If you take return $this->dom->saveHTML(); out of createparagraph() it will echo without returning. It's a DOM thing as far as I know but am new to this like you.
is there an option with DomDocument to remove the first line:
<?xml version="1.0" encoding="UTF-8"?>
The class instantiation automatically adds it to the output, but is it possible to get rid of it?
I think using DOMDocument is a universal solution for valid XML files:
If you have XML already loaded in a variable:
$t_xml = new DOMDocument();
$t_xml->loadXML($xml_as_string);
$xml_out = $t_xml->saveXML($t_xml->documentElement);
For XML file from disk:
$t_xml = new DOMDocument();
$t_xml->load($file_path_to_xml);
$xml_out = $t_xml->saveXML($t_xml->documentElement);
This comment helped: http://www.php.net/manual/en/domdocument.savexml.php#88525
If you want to output HTML, use the saveHTML() function. It automatically avoids a whole lot of XML idiom and handles closed/unclosed HTML idiom properly.
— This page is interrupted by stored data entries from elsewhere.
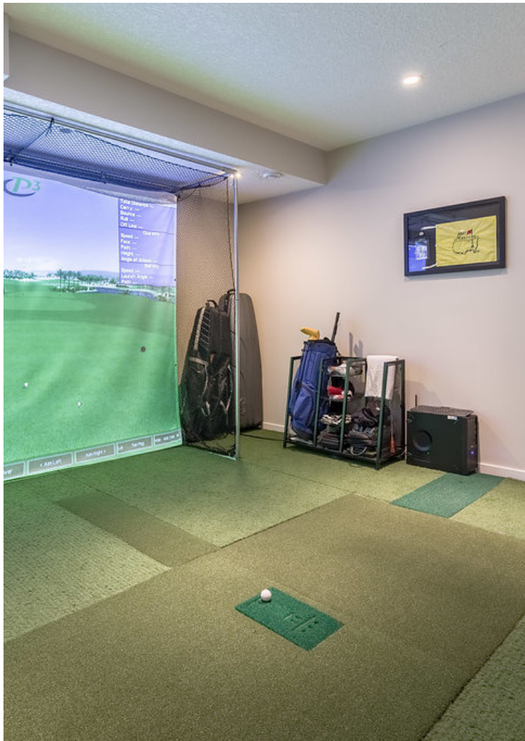
Golf simulation OR theatre room

Prime Crescent Heights location with sweeping downtown and river VIEWS! Enjoy the Inner City lifestyle with an easy stroll to downtown or thru Rotary Park located around the corner. Take advantage of the area amenities and bring the kids to the Splash Park or play a round of Tennis or join the Lawn Bowling league. This modern three storey home offers lovely clean line detailing and finishings with a coffered ceiling, wine wall, A/C, heated floors, heated garage, built-in sound and motorized custom draperies. You'll love watching the Canada Day fireworks from your upper patio or relaxing with a glass of wine in your private backyard next to the fire, or better yet, in the hot-tub. With 4 bedrooms and 4.5 bathrooms, there is plenty of space on each level to allow the kids their own floor or privacy for your guests. Need more to do? Play a round of golf on the custom golf simulator or on those chilly nights, step into the steam shower and have a good nights sleep staring at the VIEWS! Absolutely NO disappointments!
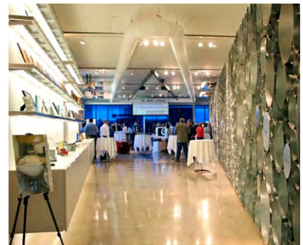
RB Akins, USA

For documentation and more references, please read more at www.kefibertec.com
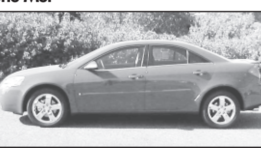
2007 Pontiac G6, Red
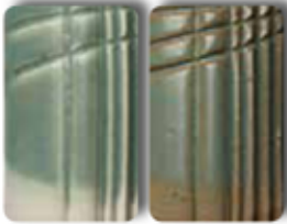
Retro Blue Green GC842
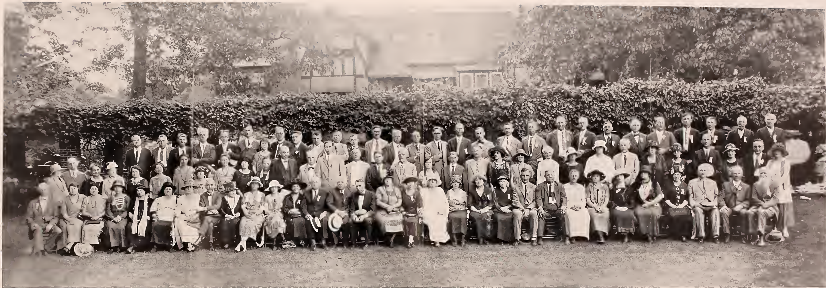
The Chamberlain Garden Party Group, Des Moines Peony Show, 1924.
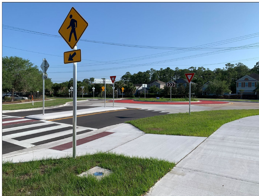
Mantague looking Northwest to Memorial

If you want to output XML you can use the fact that DOMDocument is a DOMNode (namely: '/' in XPath expression), thus you can use DOMNode API calls on it to iterate over child nodes and call saveXML() on each child node. This does not output the XML declaration, and it outputs all other XML content properly.
Example:
$xml = get_my_document_object();
foreach ($xml->childNodes as $node) {
echo $xml->saveXML($node);
}
For me, none of the answers above worked:
$dom = new \DOMDocument();
$dom->loadXXX('<?xml encoding="utf-8" ?>' . $content); // loadXML or loadHTML
$dom->saveXML($dom->documentElement);
The above didn't work for me if I had partial HTML, e.g.
<p>Lorem</p>
<p>Ipsum</p>
As it then removed the everything after <p>Lorem</p>.
The only solution that worked for me was:
foreach ($doc->childNodes as $xx) {
if ($xx instanceof \DOMProcessingInstruction) {
$xx->parentNode->removeChild($xx);
}
}
I had the same problem, but I am using symfony/serializer for XML creation. If you also want to achieve this with Symfony serializer you can do in this way:
$encoder = new \Symfony\Component\Serializer\Encoder\XmlEncoder();
$encoder->encode($nodes[$rootNodeName], 'xml', [
XmlEncoder::ROOT_NODE_NAME => $rootNodeName,
XmlEncoder::ENCODING => $encoding,
XmlEncoder::ENCODER_IGNORED_NODE_TYPES => [
XML_PI_NODE, //this flag is the solution
],
]);
You can use output buffering to remove it. A bit of a hack but it works.
ob_start();
// dom stuff
$output = ob_get_contents();
ob_end_clean();
$clean = preg_replace("/(.+?\n)/","",$output);